The city’s roughly 1,500 employees and their families will be able to reach their health data using an online platform created by Cambridge, MA-based Dossia, an open-source personal health record service developed by a group of Fortune 500 employers, in partnership with the Billings-based Employee Benefit Management Service, Rocky Mountain Health Network and others, including HealthShare Montana, the state’s health information exchange.
The program will also combine health data with insurance and eventually pharmacy data, Brad Putnam, HealthShare Montana executive director, said. The online platform “was built with social networking in mind, bi-directional communications capability, available proxy access and access to a tremendous amount of knowledge around helping patients understand their health records,” Putnam said.

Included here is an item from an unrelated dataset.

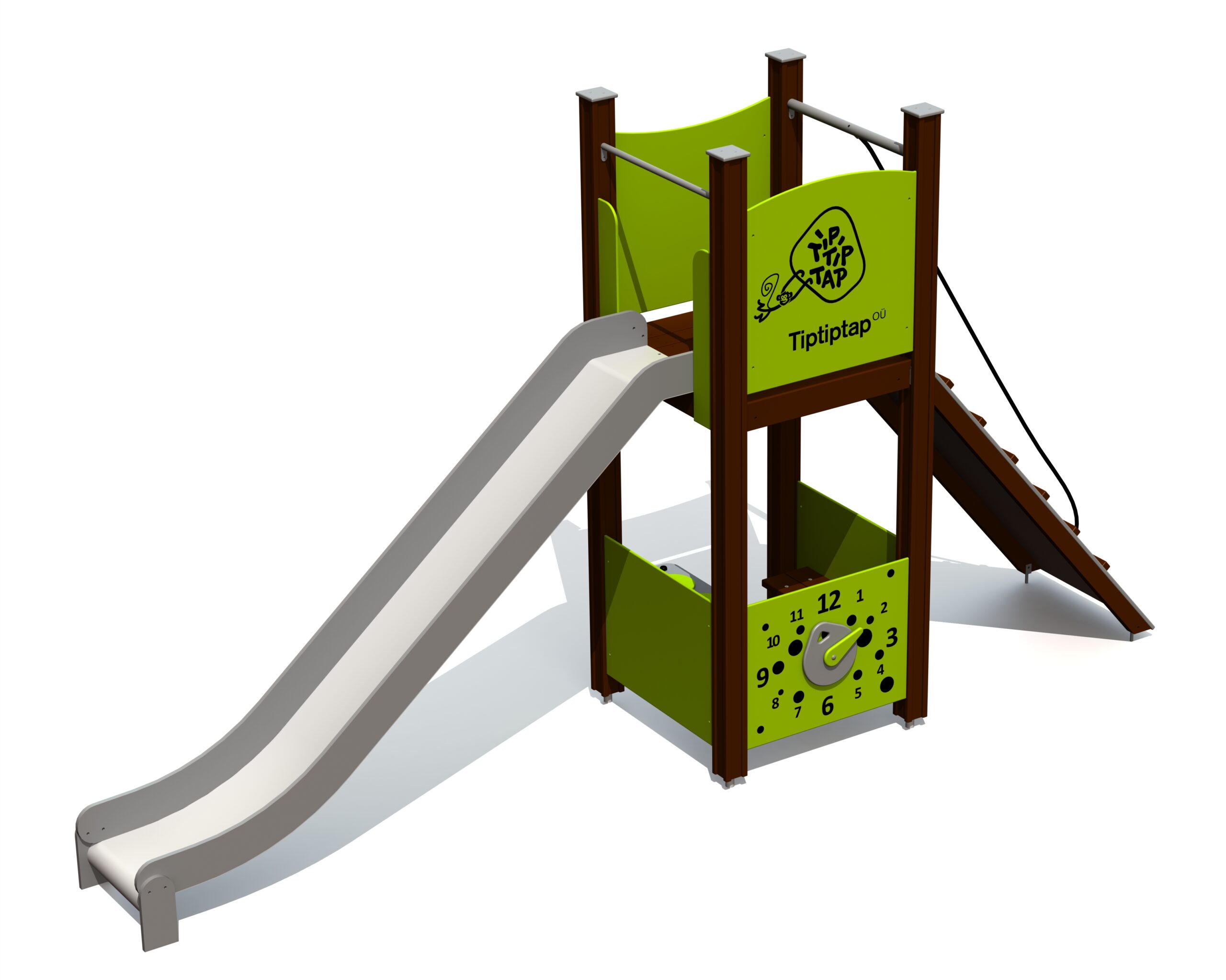 En rutschkana med rutschkana och ramp. Rampen har både med stegpinnar. Det finns en rolig lekhörna med en bänk under plattformen, som kan förses med antingen köks- eller bilinstrumentpanelselement. Utsidan är försedd med en klocka aktivitetspanel som hjälper till att lära sig att säga tid. Lekcentrets sidopaneler kan växlas till olika aktivitetsväggar eller tematiska tryckta paneler (djur, fåglar, fiskar, träd, bär, etc.). Utformningen av panelerna kommer att slutföras med kunden vid beställning.

The pilot will let the Billings city government incentivize healthy behaviors with employees using interactive social challenges, Putnam said. And employees will be able to communicate directly with the providers, share their records with physicians and family, and the Employee Benefit Management Service will be able to reach out to patients who may have gaps in their care or need help managing a chronic condition. And HealthShare Montana, as the HIE, is the “hub of it all,” Putnam said.
[See also: Big Sky country HIE has big ideas for data analysis services]
PHRs are also gaining purchase in the Sunshine State. Florida Medicaid recipients can now access their records online using the “My Florida Health eBook.” The Florida Agency for Healthcare Administration contracted with Jacksonville, FL-based Availity, a health information network, to provide the platform for physicians and Denver-based HealthTrio for the personal health records.
Florida Medicaid recipients can use the eBook to track information about doctors visits, procedures, medications and immunizations, and can also add other information about their health, such as allergy lists. The platform lets them track blood sugar levels, blood pressure and other measurements, lets them enter an emergency contact and comes with the Healthwise Knowledgebase, a consumer-friendly health library from health education nonprofit Healthwise.